The Confident Liar: Diagnosing Multi-Agent Debate with Log-Probabilities and LLM-as-Judge
Pith reviewed 2026-06-27 13:39 UTC · model grok-4.3
The pith
In multi-agent debate, a Constructor's token-level confidence predicts externally judged reasoning quality twice as strongly as an Auditor's.
A machine-rendered reading of the paper's core claim, the machinery that carries it, and where it could break.
Core claim
Across three domains the work measures how token-level log-probability distributions over reasoning tokens relate to LLM-as-judge scores on instruction following, justification quality, evidence grounding, and a critical-failure flag. In the rubric-scoring domain the data show a four-phase confidence trajectory together with a substantial role asymmetry: confidence correlates with judged reasoning quality roughly twice as strongly for the Constructor as for the Auditor, and confidence-based detection of critical reasoning failures reaches AUROC 0.804 for the Constructor versus 0.634 for the Auditor.
What carries the argument
Two-agent debate architecture pairing a Constructor that generates answers with an Auditor that critiques them, scored by an LLM-as-judge rubric on instruction following, justification quality, evidence grounding, and critical-failure flag, compared against token-level log-probabilities.
If this is right
- Confidence can serve as a more trustworthy detector of flawed reasoning steps when emitted by the Constructor role.
- Different monitoring or weighting rules may be needed for each agent because their confidence-quality alignment differs markedly.
- The observed four-phase confidence trajectory supplies a potential diagnostic signature that future debate runs can check against.
- Internal confidence and external judge scores may align with final task accuracy in role-specific ways that current end-to-end metrics overlook.
Where Pith is reading between the lines
- If the asymmetry persists, debate pipelines could route final answers through the higher-confidence Constructor output when the Auditor's signal is weak.
- Extending the same log-probability versus rubric comparison to the mathematical-reasoning and factual-QA domains could reveal whether the four-phase pattern and role gap are domain-general.
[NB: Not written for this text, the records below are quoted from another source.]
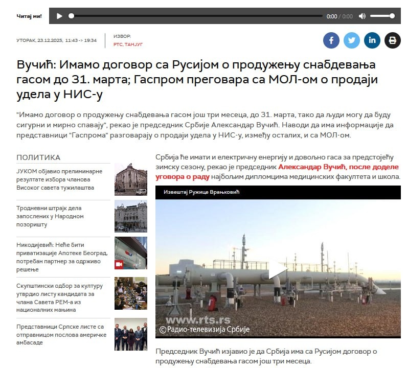 Герои одного известного американского сериала постоянно говорят, что зима близко. Мы и заметить не успели, как она уже наступила. На улице становится все холоднее и вопрос энергетический стабильности Сербии выходит на первый план не только на бытовом, но и на политическом уровне. 🔸Президент Сербии Александр Вучич заявил, что удалось договориться о продлении поставок газа из России ещё на три месяца — до 31 марта. Речь идёт о временном решении, которое закрывает наиболее чувствительный период отопительного сезона. 🖍Для сербской экономики это критично. Газ остаётся опорным ресурсом для отопления, электроэнергетики и промышленности, а альтернативные объёмы в короткие сроки недоступны. Без пролонгации страна входила бы в февраль–март с риском дефицита и резкого роста издержек. 🚩Долгосрочный контракт завершён, а переговоры о новой модели поставок идут в условиях нестабильного европейского рынка и внешнего давления. В такой конфигурации краткосрочные соглашения становятся не компромиссом,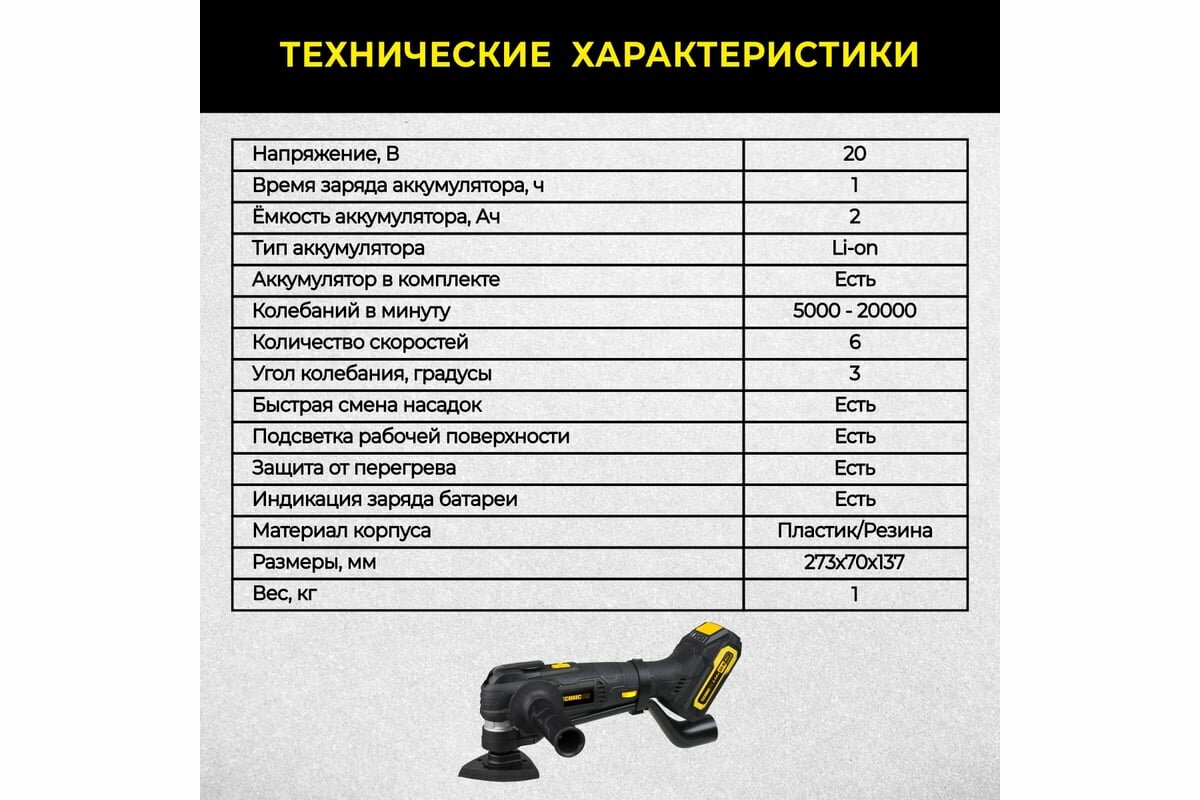Аккумуляторный реноватор TECHNICOM 20В, 2Ач, 5000-20000 кол/мин, 6 скоростей, 3° угол колебания TC-CM620 информация: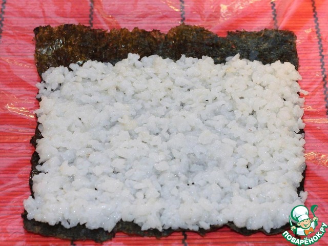 Ровным слоем выложите рис поверх листа нори.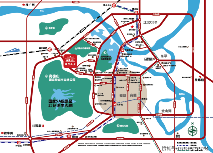市中心的生态区:高榜山脚下、红花湖景区与惠州西湖左右相伴,背靠惠州市植物园。区政府、图书馆、西湖大剧院、文化馆及青少年宫……生态、文化、自然多重资源叠加,生活格调与众不同。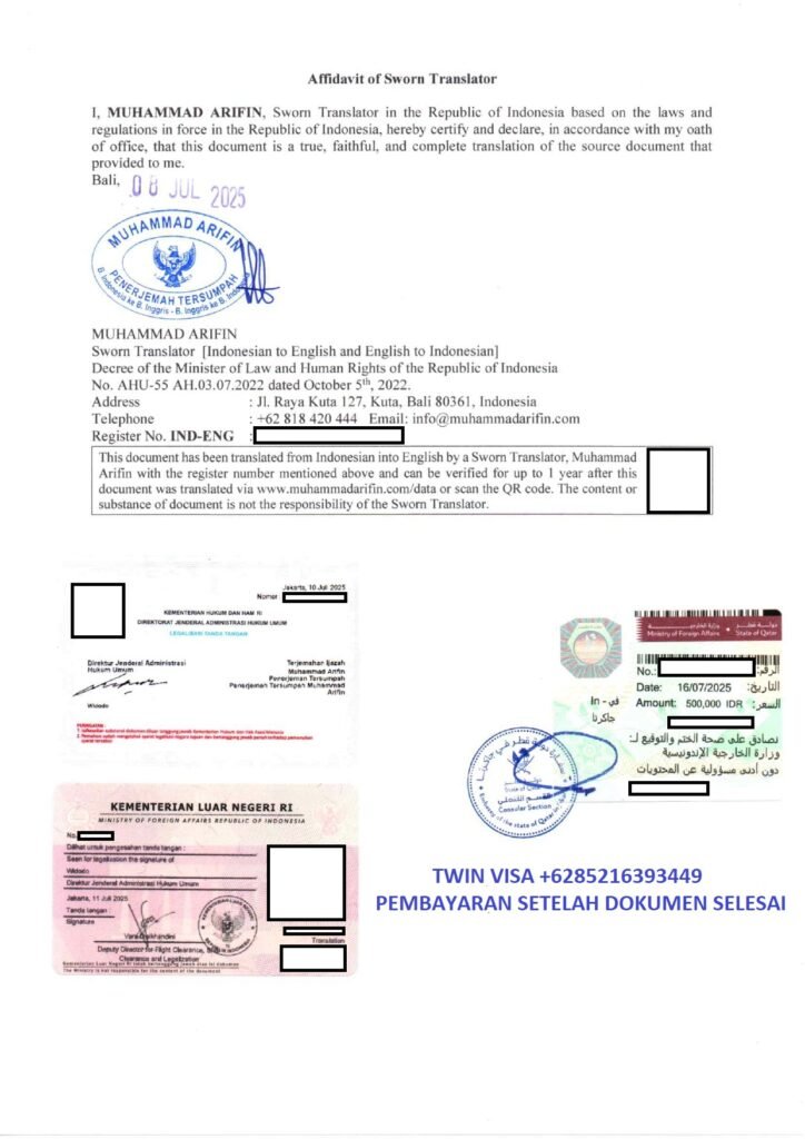 TWIN VISA adalah biro jasa profesional yang bergerak di bidang pengurusan visa dan dokumen dalam negeri untuk keperluan luar negeri. Dengan pengalaman lebih dari 8 tahun, kami telah menjadi mitra terpercaya bagi ratusan klien dalam mengurus berbagai keperluan legalisasi, visa, dan dokumen resmi.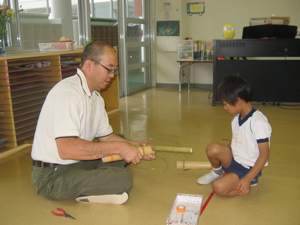 And here’s what Mom learned… to double-check the fliers that give the instructions for special days! Often I double-check with another mom to make sure I’ve got all the Japanese right, or to ask about some part that I didn’t understand. This time, I read it quickly and it made sense– Annie, first year, had to wear her normal school uniform; Owen, third year, had to wear his gym clothes (since they were making the stilts). Shortly after Owen’s class started, Eric motioned to me from across the sea of children and parents in the room… and it suddenly dawned on me that Owen was the only one of 30 students wearing his gym clothes. All the other kids were in their uniforms! When I came home and checked the instructions, I realized that it was the 2nd year students who were to wear gym clothes. Big oops. Thankfully, Owen is fairly self-confident and only one time made some comment. Another mom who I shared my horror with said, “Oh, I just thought his uniform must be dirty.” That was kind.

- Systems might add a lightweight confidence filter that pauses or restarts debate rounds when the Constructor's signal drops below a threshold tied to the observed AUROC.
Load-bearing premise
The LLM-as-judge rubric scores supply an independent and valid external yardstick for reasoning quality that can be compared directly to the model's own token log-probabilities.
What would settle it
Re-running the rubric-scoring experiments and finding that the correlation between Constructor log-probabilities and judge scores is not reliably larger than the Auditor correlation, or that the AUROC gap for critical-failure detection shrinks below statistical significance.
Figures
read the original abstract
Multi-agent debate systems are typically evaluated only on whether the final answer is correct, overlooking the quality of the intermediate reasoning that debate is designed to produce. This paper studies the relationship between three signals in multi-agent debate: token-level log-probability distributions over reasoning tokens, LLM-as-judge rubric scores assigned to those tokens, and final task accuracy. We examine whether internal confidence signals predict externally evaluated reasoning quality, and whether either signal aligns with task correctness, across three domains: rubric-based scoring, mathematical reasoning, and factual question answering. Our framework pairs a two-agent debate architecture -- a Constructor and an Auditor -- with an LLM-as-judge that scores each agent's reasoning along instruction following, justification quality, and evidence grounding, together with a critical-failure flag. Experiments in the rubric-scoring domain reveal a consistent four-phase confidence trajectory and a substantial role asymmetry: confidence aligns with judged reasoning quality roughly twice as strongly for the Constructor as for the Auditor, and confidence-based detection of critical reasoning failures is markedly more reliable for the Constructor (AUROC 0.804) than for the Auditor (0.634). These findings motivate the broader cross-domain investigation proposed in this paper.
Editorial analysis
A structured set of objections, weighed in public.
Referee Report
Summary. The paper examines the relationship between token-level log-probability distributions over reasoning tokens, LLM-as-judge rubric scores (instruction following, justification quality, evidence grounding, critical-failure flag), and final task accuracy in a two-agent debate setup (Constructor and Auditor). It reports a consistent four-phase confidence trajectory in the rubric-scoring domain along with a role asymmetry: log-prob confidence aligns roughly twice as strongly with judged reasoning quality for the Constructor, and confidence-based detection of critical reasoning failures yields AUROC 0.804 for the Constructor versus 0.634 for the Auditor. The work motivates extending the analysis to mathematical reasoning and factual QA domains.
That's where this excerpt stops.